People with OCD understand that their thoughts and actions are irrational. This is one of the distinctions between OCD and a number of other psychological maladies. But the immediate impulse of the person with OCD is to push aside irrational thoughts with equally irrational behavior. This allows them to refocus their mind away from one’s obsession.But if one instead faces one’s obsession, that person is able to think through the irrational thoughts and impulses. Once a person forcing himself or herself to confront these obsessions, a person tends to become desensitized to them.
In effect, if we can think rationally, an obsession loses its irrational power over us.
Note that it is best to target one’s obsession. But some people are unable to do this entirely. So it becomes a second best option to regulate one’s reaction to obsession.
If you can resist the need to behave compulsively, a person can begin to limit the effects of OCD. This is a half-measure, though.
2. Confront the anxiety over your obsession.

A person may come to believe they are not quite right. It is common for a sufferer of OCD to believe their obsession is degenerative, that it is leading to a dangerous behavior. Someone might have thoughts of doing violence to a loved one, and develop compulsive defense mechanisms in the hopes of avoiding these thoughts.
Anxiety might grow that the person will “give in to” these irrational impulses. This person must be reassured that these thoughts have never led to irrational behavior before. In this way, one can begin to realize that such anxiety is unwarranted.
3. Confront the cognitive process itself.

The human brain is complex. It produces plenty of rational thoughts which allow us to make decisions in life. But the brain also produces irrational thoughts.
It is natural to believe that all thoughts have meaning. This just isn’t the case. For a person with Obsessive Compulsive Disorder, it is common to give meaning to the our most irrational thoughts.

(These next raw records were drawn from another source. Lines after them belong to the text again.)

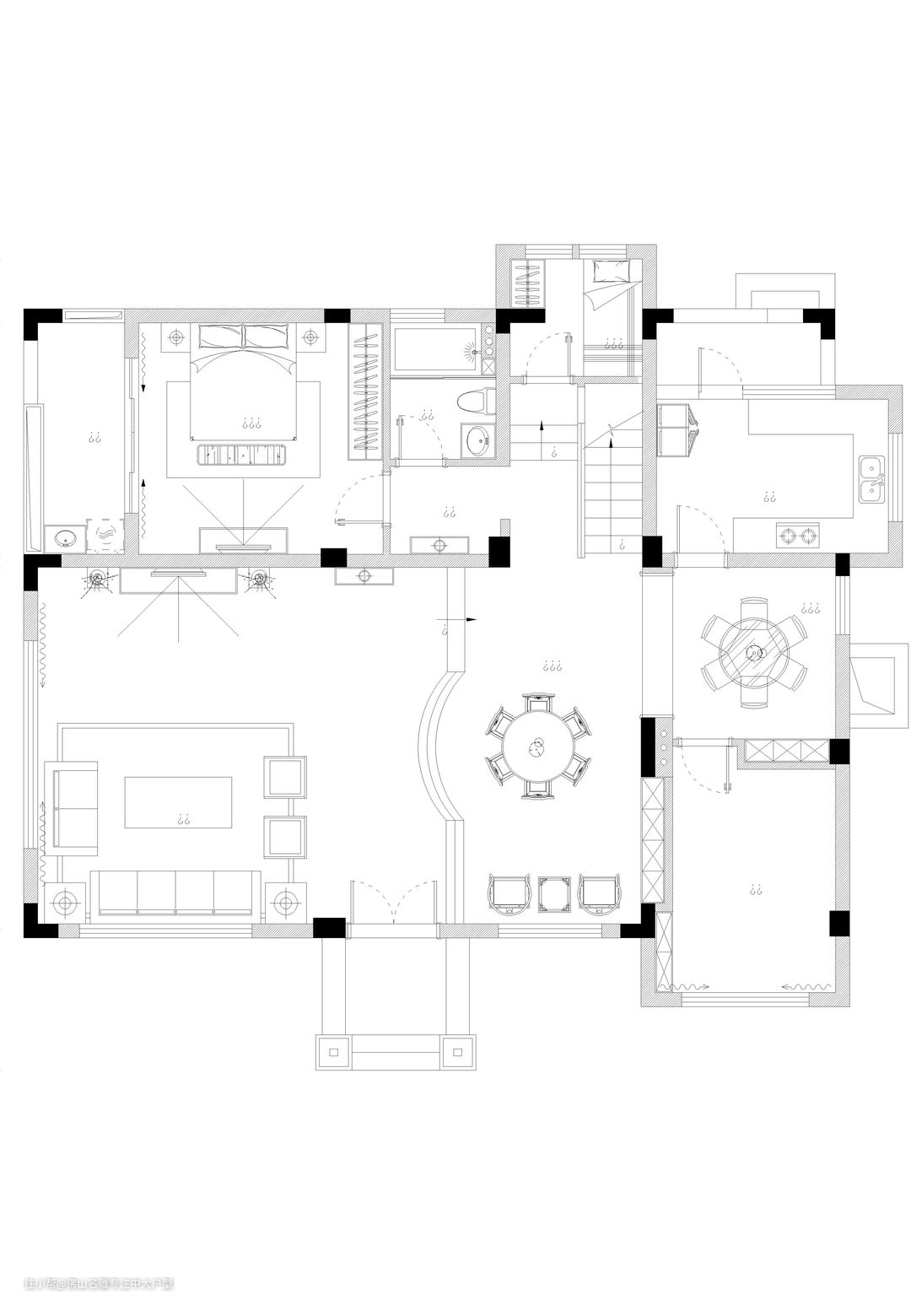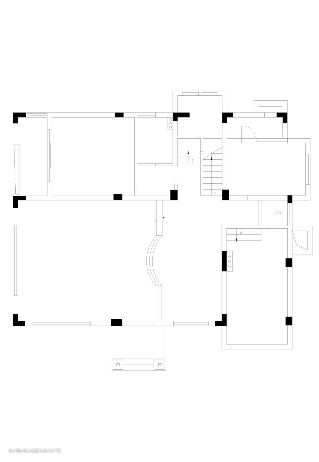 原始结构: 1、比起结构拆除调整,我们更希望对细节进行划分; 2、厨房面积大,占据多余空间,操作单一; 3、主客厅区位置不变,但区间相互没有明显定位,做不到开放独立形式。 设计理念: 360㎡别墅尺度自由,丰富的功能区将所有成员的生活喜好容纳入内,但原有结构规划不够明晰,设计师调整入户的空间,让原本不规则的空间,增加一个储物间的同时大大提升客厅的尺度,巧妙的把厨房及餐厅连接在一起,做到随时可开合的空间,提升两个空间的尺度同时,也增加了空间的采光及通风,运用天然奢石及实木贴皮烤漆护墙板,结合纤细的玫瑰金条提升空间层次。
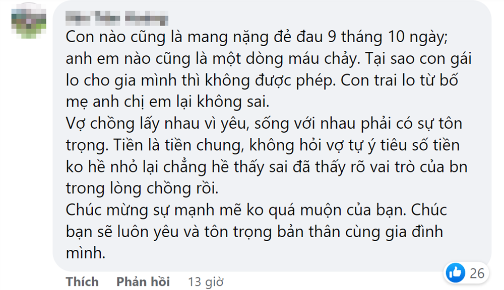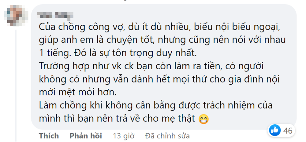 Gần đây mình phát hiện ra khoản tiền vợ chồng tích cóp bị bốc hơi mất một nửa. Hỏi ra thì mới biết anh cho em gái 300 triệu để chạy biên chế vào bệnh viện tỉnh, cưới em trai út anh mừng cưới 5 chỉ vàng, anh cho bố mẹ hơn 2 tỷ để xây nhà báo hiếu công dưỡng dục sinh thành. Anh nói: "Số tiền đó anh sẽ cố gắng để hoàn vào tài khoản sớm nhất cho em ,nhưng lại bị em phát hiện mất rồi. Anh xin lỗi vì đã không nói gì với em". Đến nước này thì mình thực sự không thể kìm nén được nữa. Bao nhiêu uất ức, tủi thân cứ thế tuôn trào.
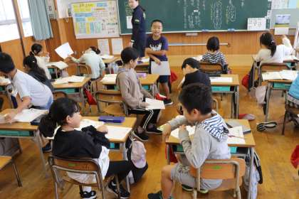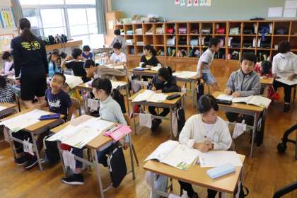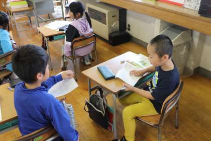 1限、2年生は道徳「竹馬と一りん車」の学習。
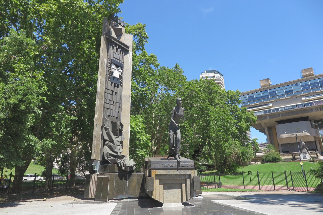 レコレタ地区にあるので、レコレタの墓地や国立美術館を訪れるついでに見ることができます。華奢ですが今まさに駆け出そうとする姿勢で建っています。現在は柵がされていて間近には近づけないので、柵の隙間から写真を撮りました。背後の図書館も見応えのあるデザインです。
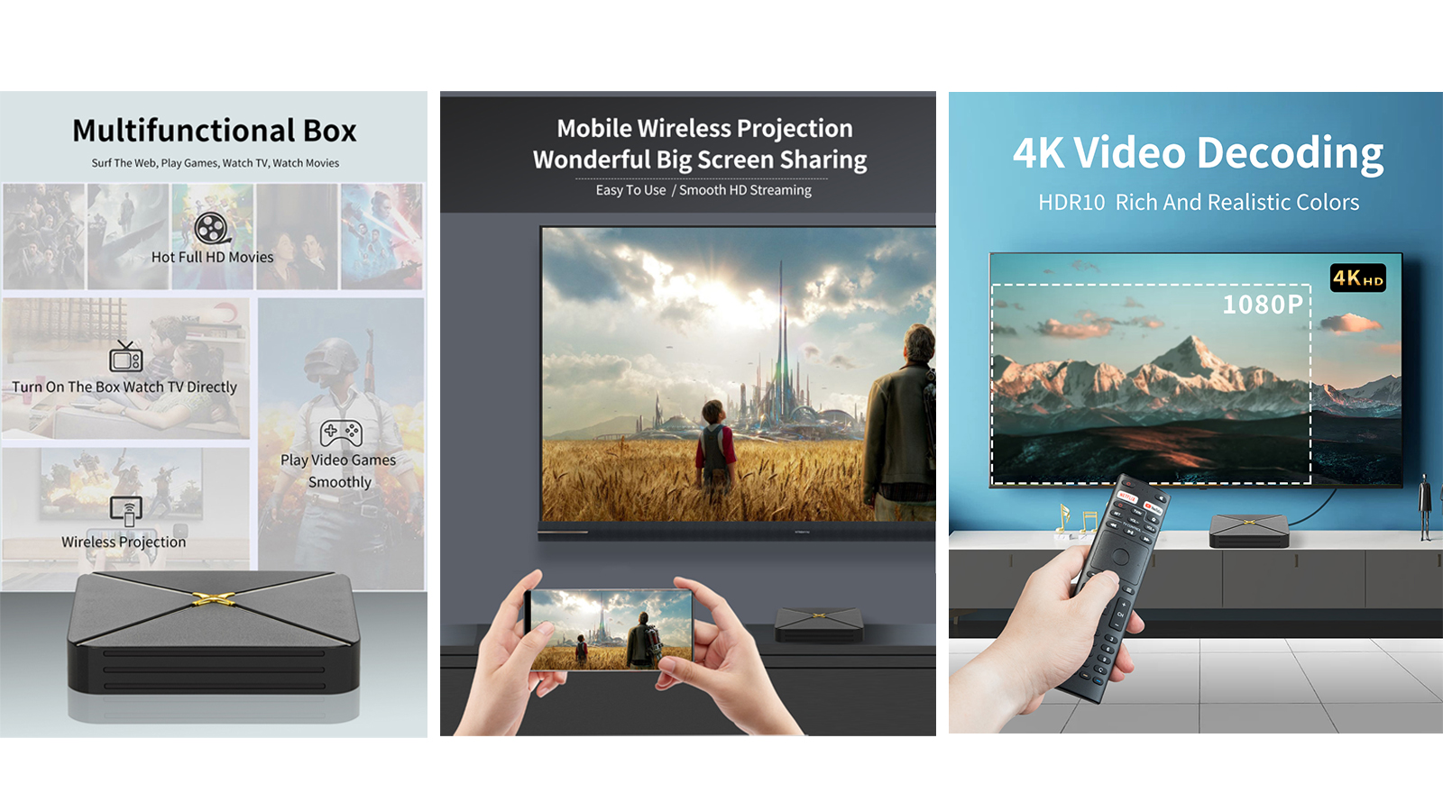 HLQ-Plus use the 12nm Amlogic S905 series chip, with DDR4 2GB /4GB running memory, supports 4K 60Fps video decoding and output resolution, dual-receive and dual-transmit 2.4Ghz+5.8Ghz Wifi, can smoothly play online IPTV or other streaming videos, and can also run as an advertising machine 24/7, supporting screen rotation function.
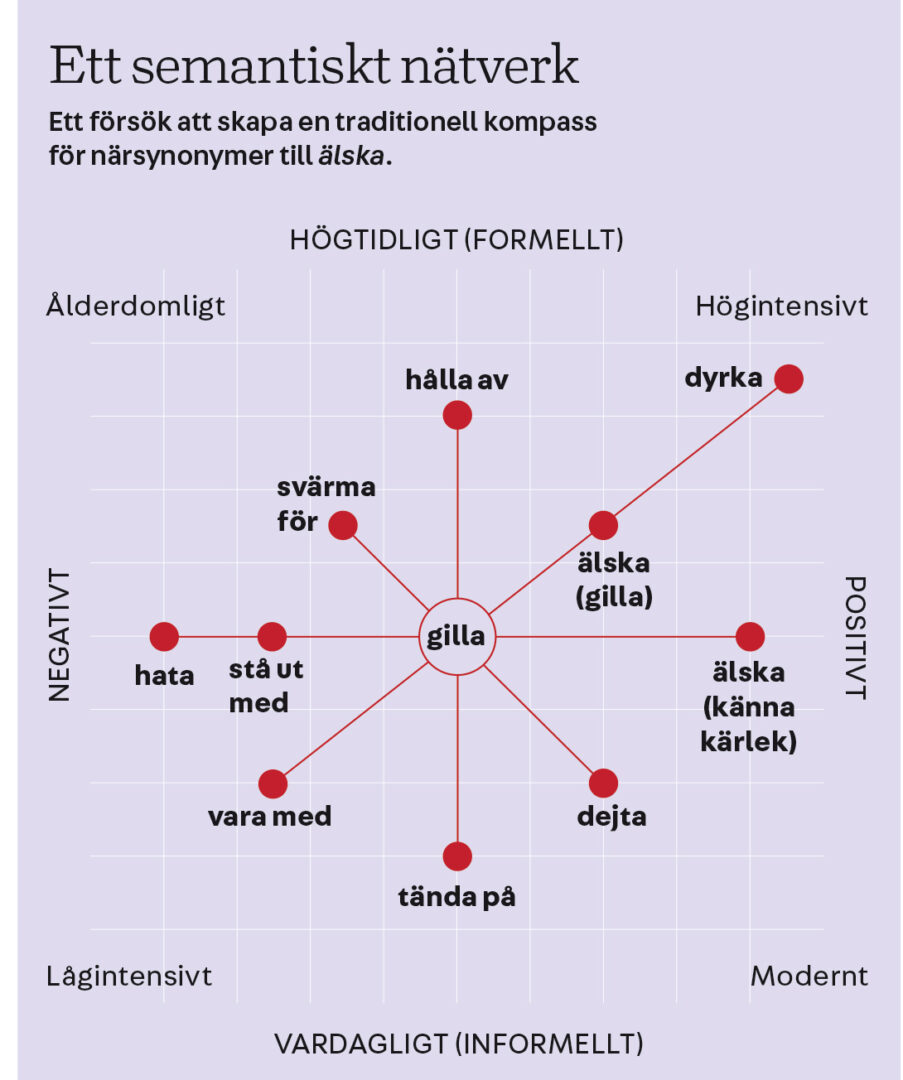 Här föreslås gilla som centralt och neutralt ord, alltså ”defaultordet”. Traditionellt ligger älska östligt, men ordet får inte någon markerad plats på axlarna för modernitet och formalitet. Utvecklingen tycks gå i riktning mot att älska slår ut gilla som defaultord. Enligt den senaste statistiken är gilla vanligare än älska i tidningstexter, men tvärtom i bloggtexter. Så vi får se.
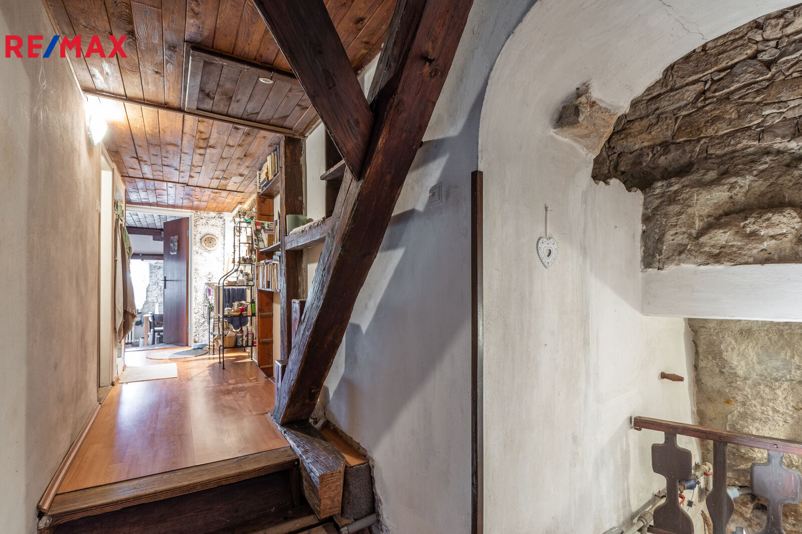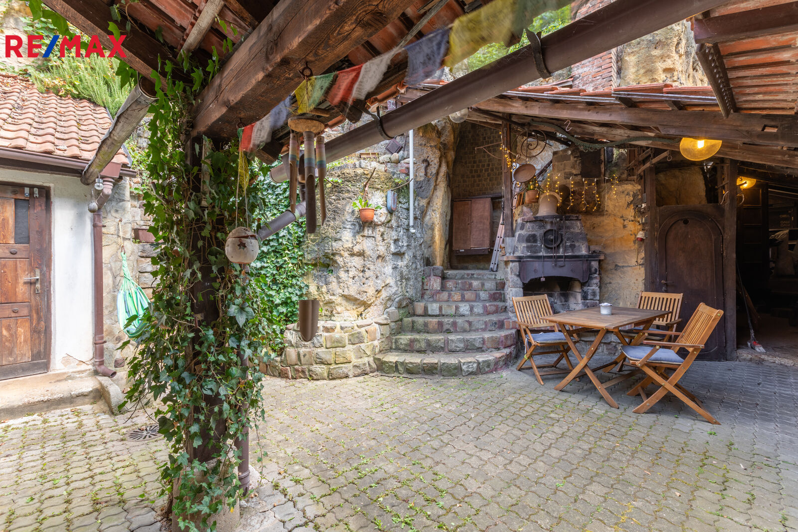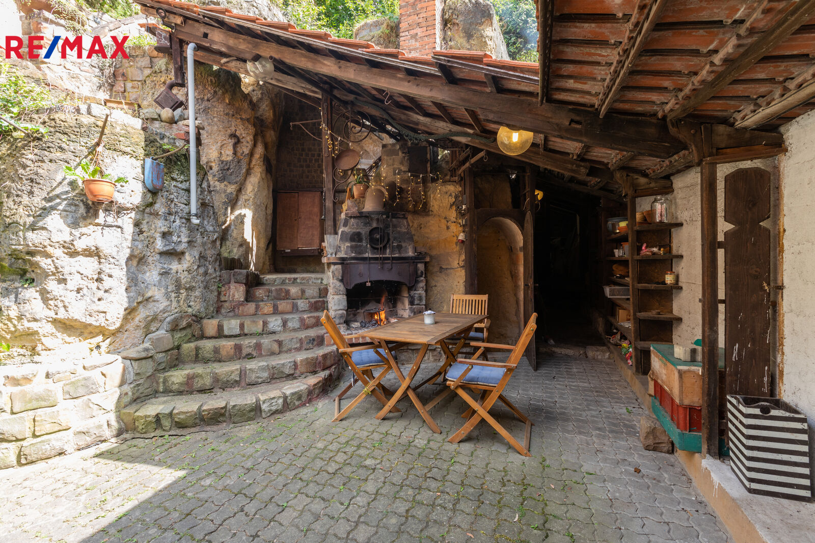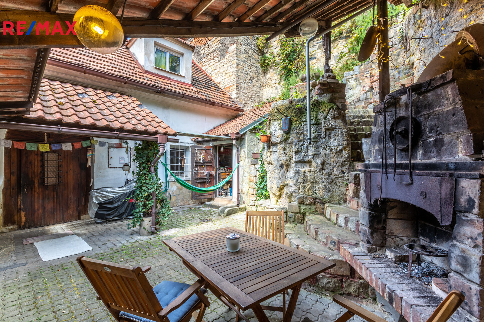 The house now has a total layout of 4+1. The ground floor includes: an entrance hall, a spacious living room with a fireplace, a kitchen, a bathroom, a utility room and a separate toilet. On the first floor there are three rooms, a shower room, a sink, a toilet and an entrance to the attic. The house is adjacent to a storage room/shed, outdoor seating and parking space. The house and yard offer many romantic corners with beautiful views. Through the stairs and cascades you can reach the accessible part of the castle wall with an extraordinary view.
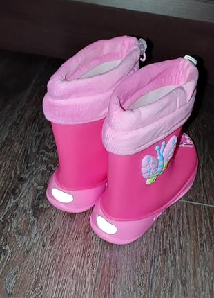 Продам дитячі гумові чоботи. Нові, не пригодилися. 33 розмір, на дівчинку 9-11 років. Всередині з'ємні неопренові утеплені шкарпетки. Зручні й легкі.
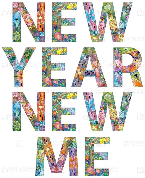 Ручная роспись художественного дизайна. Иллюстрационные слова НОВЫЙ ГОД НОВЫЙ Я для дизайна футболок, татуировок и других украшений
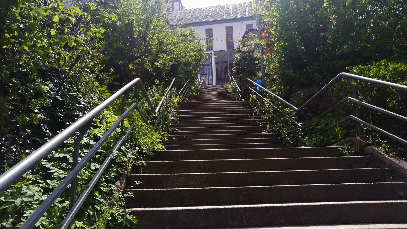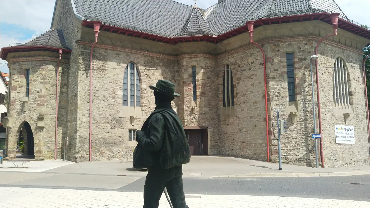 Startpunkt der Route ist Oberndorf am Neckar - historisch, charmant und geprägt vom Fachwerk der Altstadt. Wir lassen das Bahnhofsgebäude hinter uns und machen uns auf den Weg in die Oberstadt. Auf Höhe der katholischen Kirche führt unser Weg geradeaus am Verlagshaus des Schwarzwälder Boten vorbei. Auf der gegenüberliegenden Straßenseite steigen wir die markanten Treppenstufen zur evangelischen Stadtkirche hinauf. Oben angekommen, biegen wir nach links ab und folgen der Straße weiter auf den Mühlberg.Aufstieg zum Mühlberg
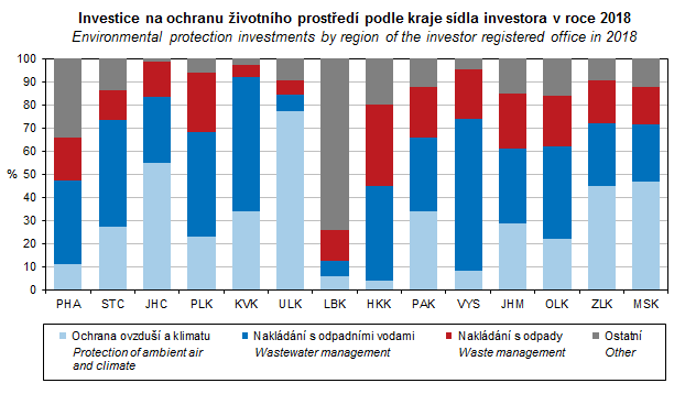 Graf 4. Investice na ochranu životního prostředí podle kraje sídla investora v roce 2018
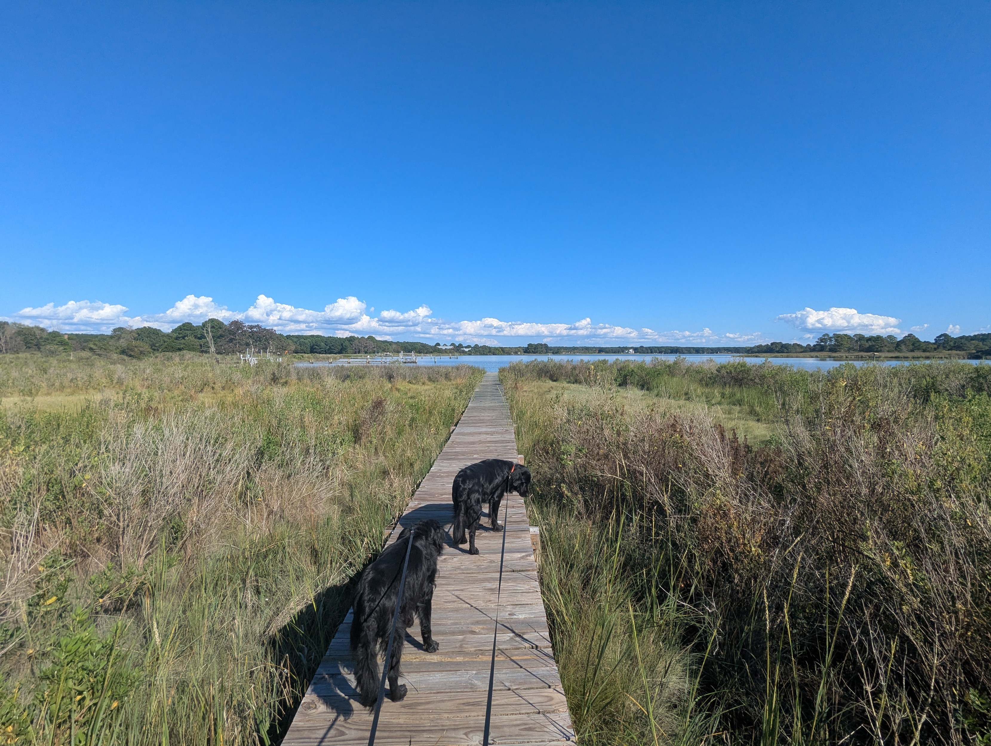 Photo of a fine early September day on Harris Creek, sky is deep blue with puffy white clouds riding the horizon. Marsh is browning and gone to seed. Creek water is rippled and reflects the sky and clouds. In the foreground Miles and Jon two black Flat-Coated retrievers stroll down the wood walk in hopes of spotting interesting waterfowl.
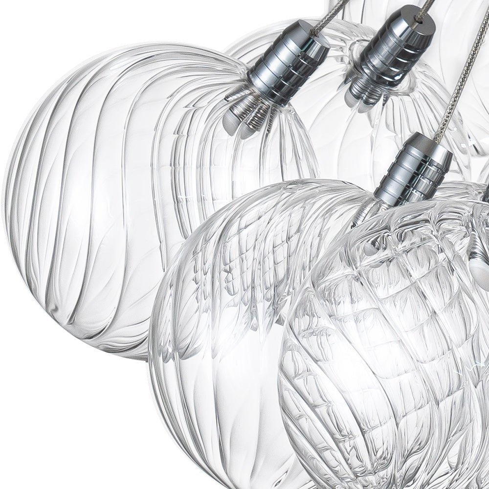 Nineteen Lights • Ribbed Glass Globes • Bubble Style • Chrome Finish • Dimmable Lighting • 5W LEDs • 3000K • Hardwired • UL Listed
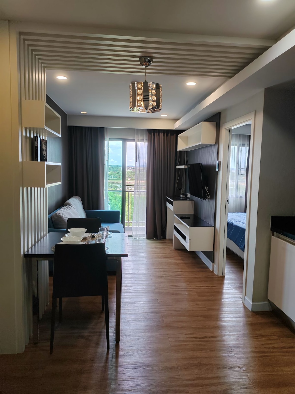 逃離繁忙的芭堤雅生活,在中天這個寧靜的地方放鬆身心。 -免費WiFi 200 MBPS -新電視、新沙發、新冰箱、新牀墊 -每日音樂劑量的USB喇叭 - 5,700平方公尺的「馬爾地夫」主題遊泳池 -多個按摩浴缸區、瀑布和日光浴甲板 -鬱鬱蔥蔥的熱帶景觀植物園 -現場有健身房和桑拿房 -從7樓陽臺欣賞日落,部分海景 - 如有需要,可提供個人室內年齡照護 -距離海灘900公尺 -距離芭塔雅市10分鐘車程

The fact that a person finds obsessive thoughts distressing is actually a good sign, though they tend to think something dark and perhaps unforgivable is at work simply for having the thoughts in the first place.
Allowing our irrational thoughts and impulses to become an obsession is to over analyze oneself. It is quite similar to interpreting one’s dreams as having deep and dark meanings, as opposed to realizing it is the brain jumbling disparate and irrational thoughts with one another.
Our brain is not always trying to tell us something. Once we realize this, stopping one’s obsessive thoughts becomes possible.